# Work to be completed:
Begin the copy at the line containing "製品 ネトロンWF-1 黒色" and end it at the final line of the material below, reproducing each line exactly, without images.

# Information provided:
-- -- --

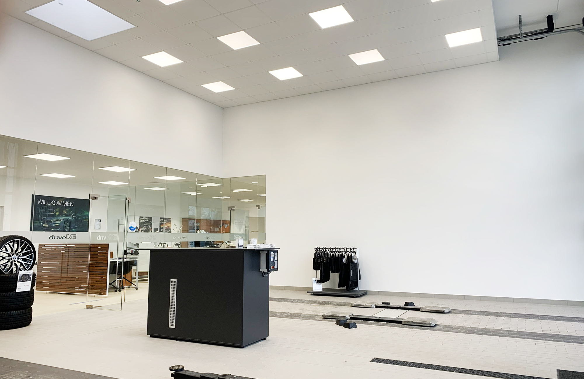Das Lichtkonzept beinhaltet neben Lösungen für die Montage- und Fertigungshallen auch eine effiziente Beleuchtung in den Büro- und Verkaufsräumen, sowie in der Außenanlage.
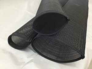 製品 ネトロンWF-1 黒色 円筒形 網目W27mm×H27mm 外径φ75mm×1130mm お客様からの要望 網目はなるべく大きなサイズ(27mm)を希望。パイプの内側に嵌め込みたい。補強用の為、硬くしっかりとした生
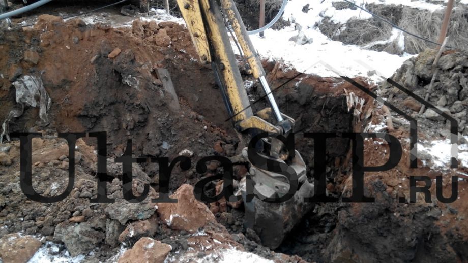 Экскаватор роет траншею для дренажной системы. Виден белый геотекстиль, сверху присыпанный слоем песка.

-- -- --

# Output for this exercise:
 製品 ネトロンWF-1 黒色 円筒形 網目W27mm×H27mm 外径φ75mm×1130mm お客様からの要望 網目はなるべく大きなサイズ(27mm)を希望。パイプの内側に嵌め込みたい。補強用の為、硬くしっかりとした生
 Экскаватор роет траншею для дренажной системы. Виден белый геотекстиль, сверху присыпанный слоем песка.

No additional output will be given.